Today I just want to address the idea that population control is never a good way to balance a society or provide stability in the face of scarcity.
The idea that overpopulation is a big problem and causes all sorts of negative effects on society is woefully inaccurate, and even childish/naive in thought.
Smarter people have detailed why:
https://www.pop.org/debunking-the-myth-of-overpopulation/
https://youtu.be/ioKidcpkZN0
In short, not only is our society equipped to feed almost double as many people on this planet with the resources we have now, but our population can only grow to such heights due to greater access to resources in the first place.
There is no reason to think this should be different in the Marvel universe where it seems every advanced civilization is just another humanoid.
Sentient creatures don’t breed ourselves into overpopulation, because we’re smart enough to actually see the impact it makes on the environment. We’re smart enough to invent more resources or ways to extract resources more effectively, with less waste.
So the whole concept of having to do population control (ie genocide) is utterly ridiculous.
Killing off half the population means killing off at least half the talent and ideas and ability to solve any problems arising from scarcity.
Whatever disaster Thanos’s people experienced was not an affect of overpopulation, but of stagnation. Had they used all that tech they used for incongruously floating buildings for space travel, they would have found plenty of resources to feed their population ten times over at least. They clearly weren’t suffering from lack of land. Much of which could have been used for food. Or they could find ways to artificially produce food like we do now.
The same could be said for Gamoras planet, despite them seeming to be stuck in Romanesque times for no good reason.
Maybe the comics explain Thanos’s reasons better… they likely flesh out what seems to be a religion of Balance.
But a far more interesting and accurate take on that principle could and should have been based on Entropy, or even on the Kardashev scale.
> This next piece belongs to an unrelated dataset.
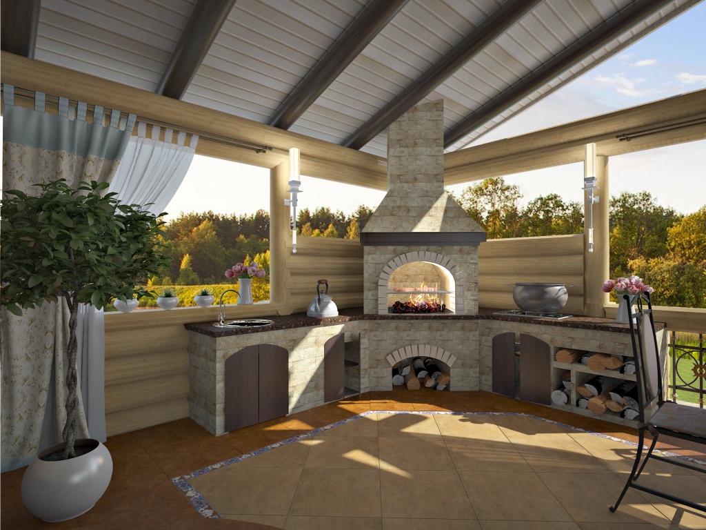 En gros, la terrasse est l’une des parties les plus importantes de l’espace de baignade, car elle protège l’intérieur du bain des courants d’air froid. La véranda est souvent construite autour du périmètre du bain.. De plus, si vous le souhaitez, vous pouvez l’équiper pour recevoir des amis.

Any planet stuck in Tier 0 (ie using plants and native resources as energy) would die by a number of issues before overpopulation does them in, such as an asteroid or supernovas or war or whatever…
Tier 1 Civilizations that use their local sun as their primary form of energy would only barely risk overpopulation after they number into the quadrillions and swamp their solar system with space habitats via a dyson swarm.
Tier 2 and above would have the ability to harm/affect the very space of their entire galaxy, supercluster, and maybe even whole parsecs of the universe.
Thus, had Thanos sought to enforce Balance by ensuring no civilization reaches Tier 2, or maybe even Tier 1…then you’d have a much more effective solution.
I wager itd be much more interesting to see him batting down burgeoning space opera age civilizations then just wholesale slaughter of half a planet just because they reached some arbitrary, hitherto unsaid population number.
His quest for the Infinity stones would thus be to combat Entropy… the natural affect of living creatures and universal expansion.
Yes there would be a bit of a challenge explaining entropy to the masses. But better educate people on real problems rather than support a widely believed false assumption.